(Dataset records)
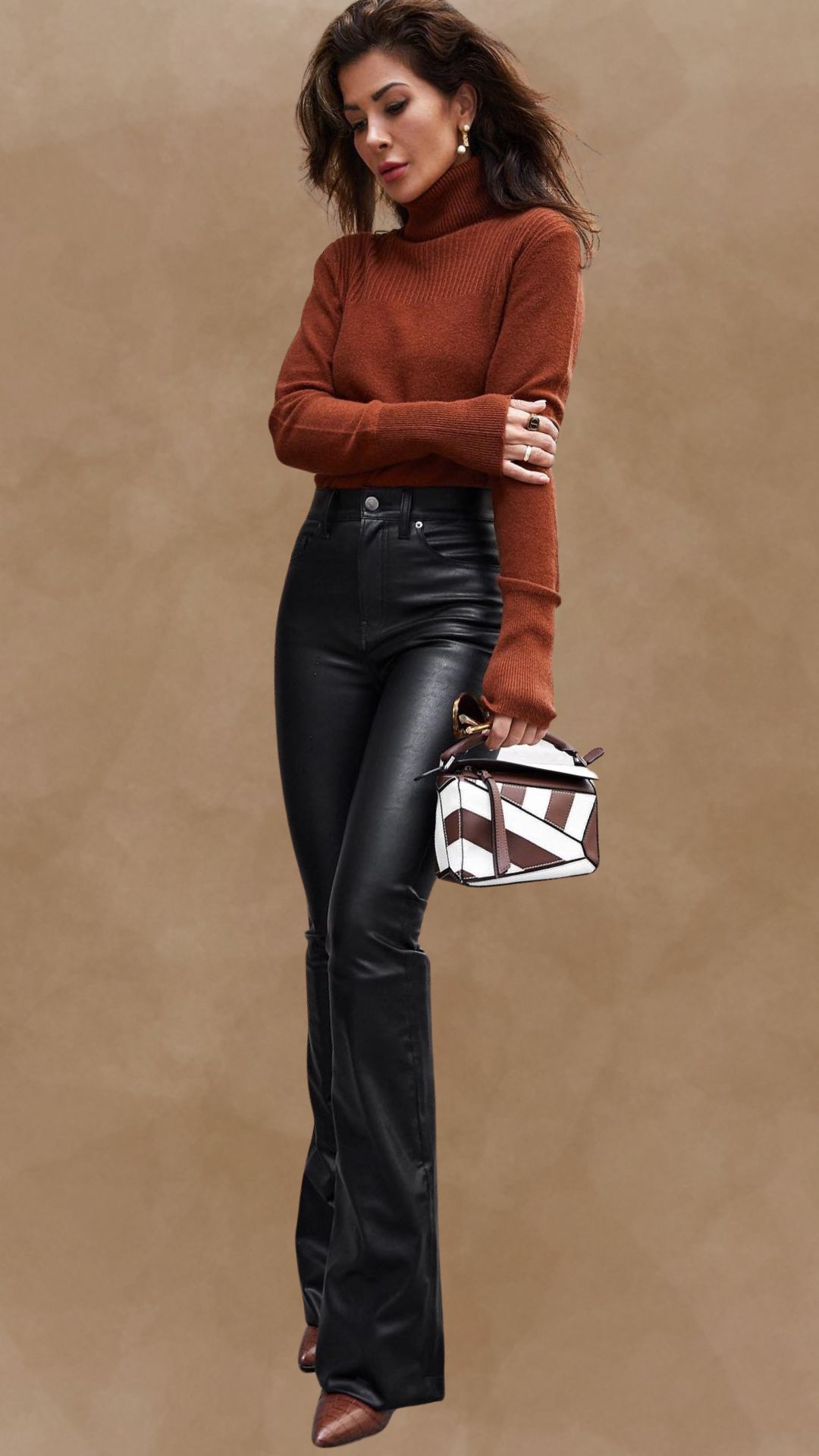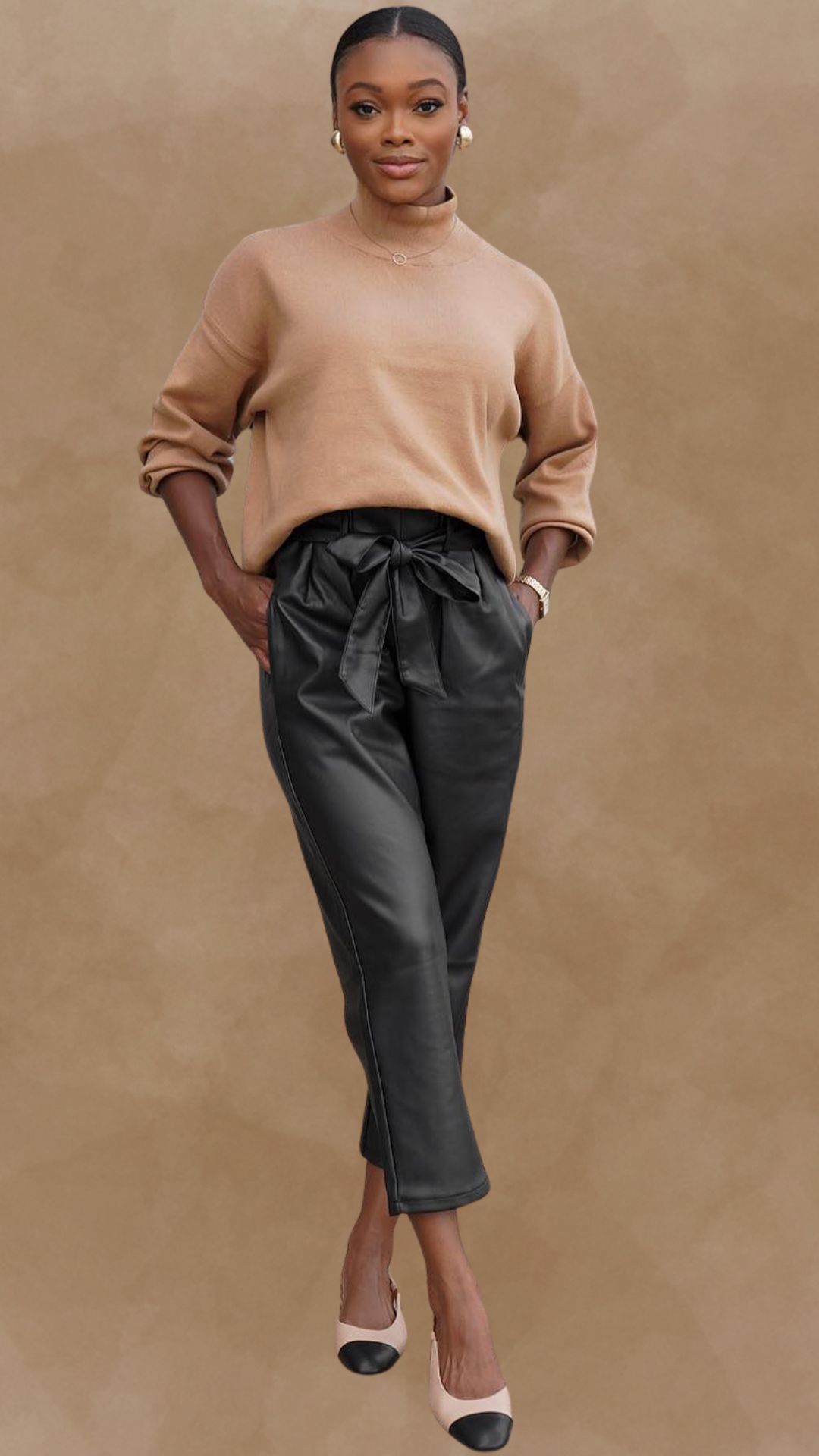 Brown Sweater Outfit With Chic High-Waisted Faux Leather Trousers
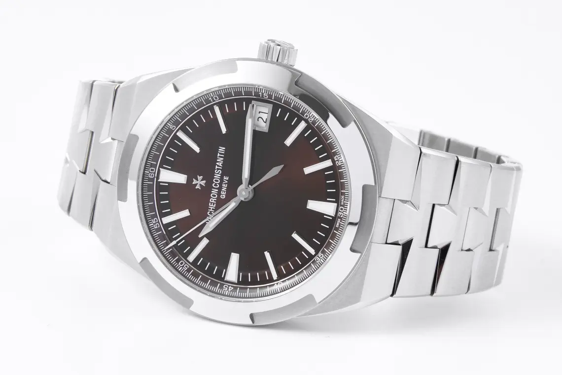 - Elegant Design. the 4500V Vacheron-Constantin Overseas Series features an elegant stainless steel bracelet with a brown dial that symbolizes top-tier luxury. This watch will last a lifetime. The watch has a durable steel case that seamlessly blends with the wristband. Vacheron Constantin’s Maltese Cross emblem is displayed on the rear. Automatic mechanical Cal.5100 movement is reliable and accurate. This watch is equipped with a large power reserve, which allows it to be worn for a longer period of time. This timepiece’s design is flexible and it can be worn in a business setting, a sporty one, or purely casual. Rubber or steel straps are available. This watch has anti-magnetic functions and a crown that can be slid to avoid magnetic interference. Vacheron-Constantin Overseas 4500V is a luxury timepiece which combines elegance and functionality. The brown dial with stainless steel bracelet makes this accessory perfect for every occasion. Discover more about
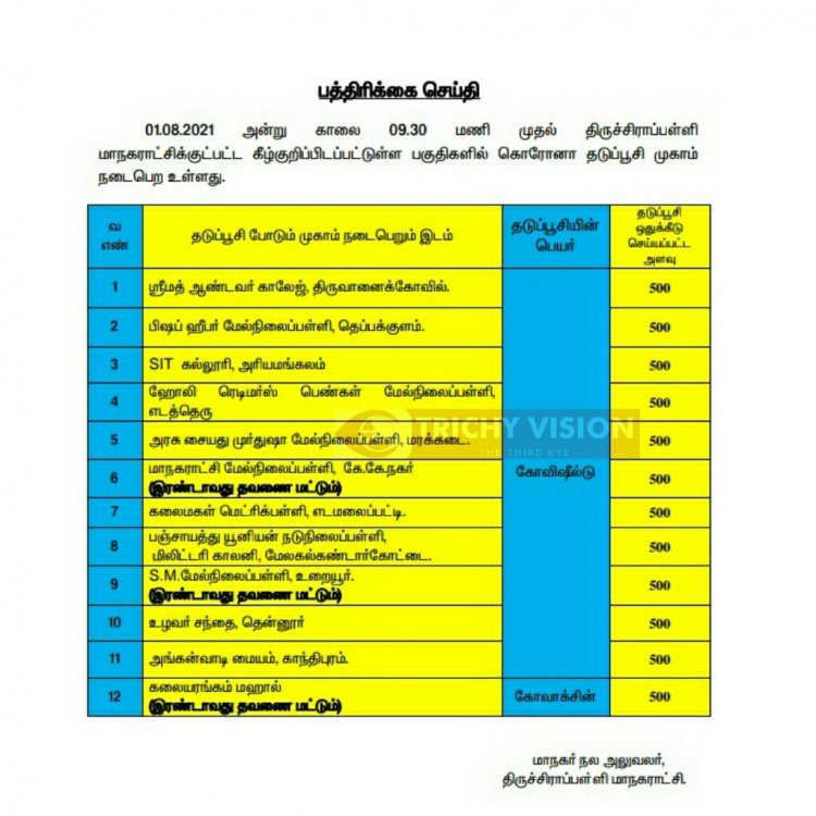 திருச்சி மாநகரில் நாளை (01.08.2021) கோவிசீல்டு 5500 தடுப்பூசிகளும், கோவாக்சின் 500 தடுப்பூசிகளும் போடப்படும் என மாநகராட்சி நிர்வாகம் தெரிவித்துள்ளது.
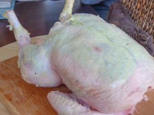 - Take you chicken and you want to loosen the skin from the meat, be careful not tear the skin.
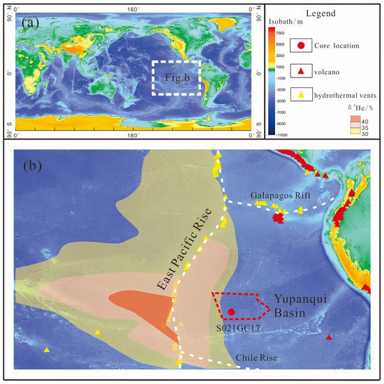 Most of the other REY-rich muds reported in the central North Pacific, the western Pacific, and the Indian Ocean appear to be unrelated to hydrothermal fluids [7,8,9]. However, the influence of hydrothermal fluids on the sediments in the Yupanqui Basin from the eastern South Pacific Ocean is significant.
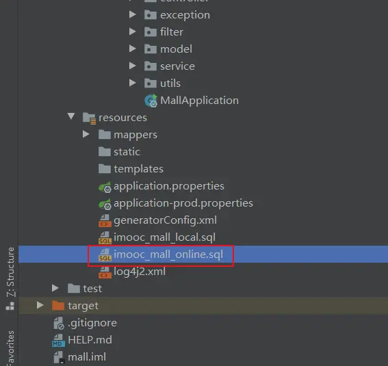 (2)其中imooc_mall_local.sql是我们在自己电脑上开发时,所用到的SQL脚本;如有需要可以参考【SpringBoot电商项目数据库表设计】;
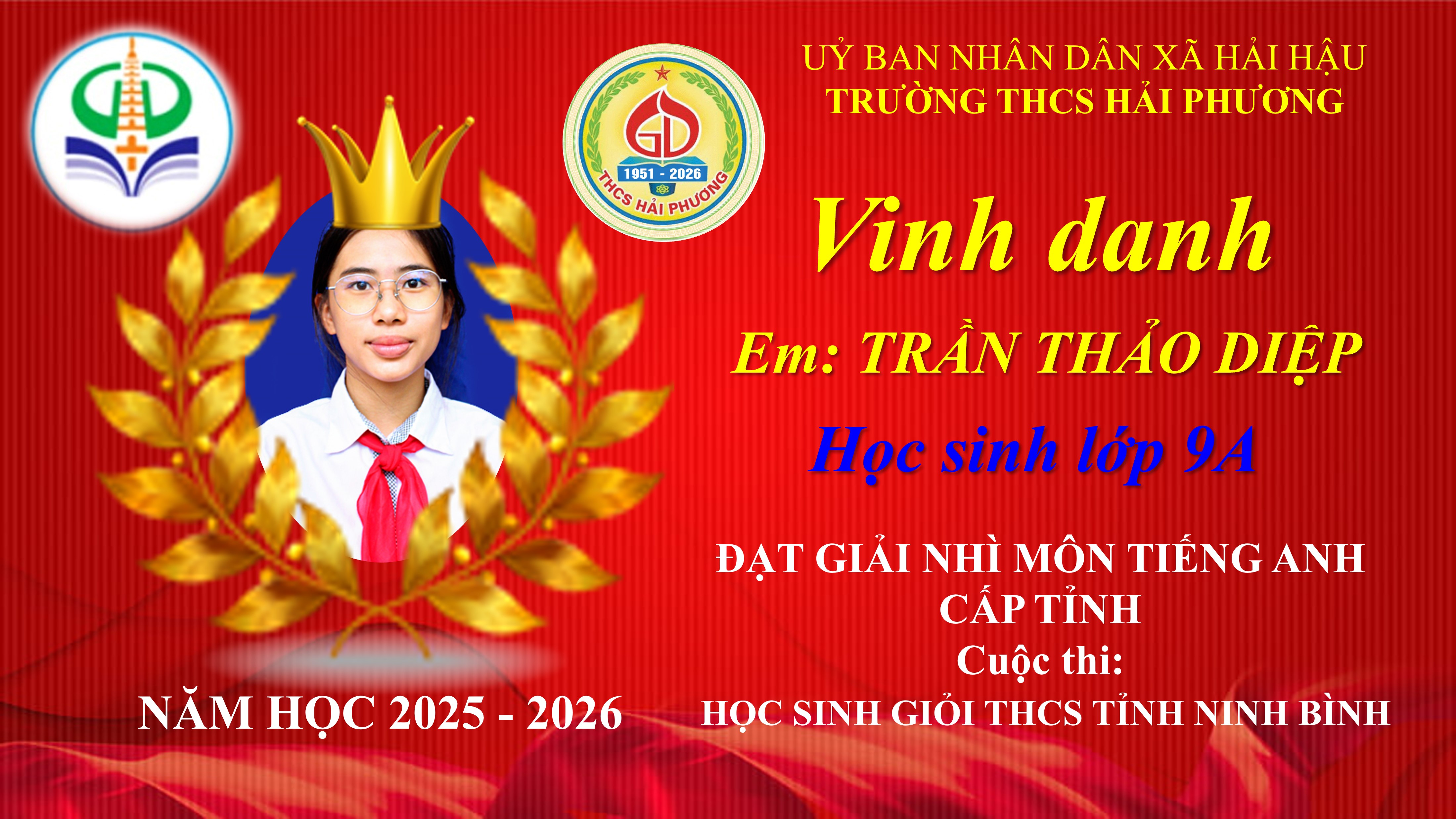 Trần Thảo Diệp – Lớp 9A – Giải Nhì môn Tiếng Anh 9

» What you are asked to do
Reproduce exactly, and only, the lines that begin at the one containing "Most of the" and end with the final line of the data, both included, while omitting every picture.

» Reply to the exercise
 Most of the other REY-rich muds reported in the central North Pacific, the western Pacific, and the Indian Ocean appear to be unrelated to hydrothermal fluids [7,8,9]. However, the influence of hydrothermal fluids on the sediments in the Yupanqui Basin from the eastern South Pacific Ocean is significant.
 (2)其中imooc_mall_local.sql是我们在自己电脑上开发时,所用到的SQL脚本;如有需要可以参考【SpringBoot电商项目数据库表设计】;
 Trần Thảo Diệp – Lớp 9A – Giải Nhì môn Tiếng Anh 9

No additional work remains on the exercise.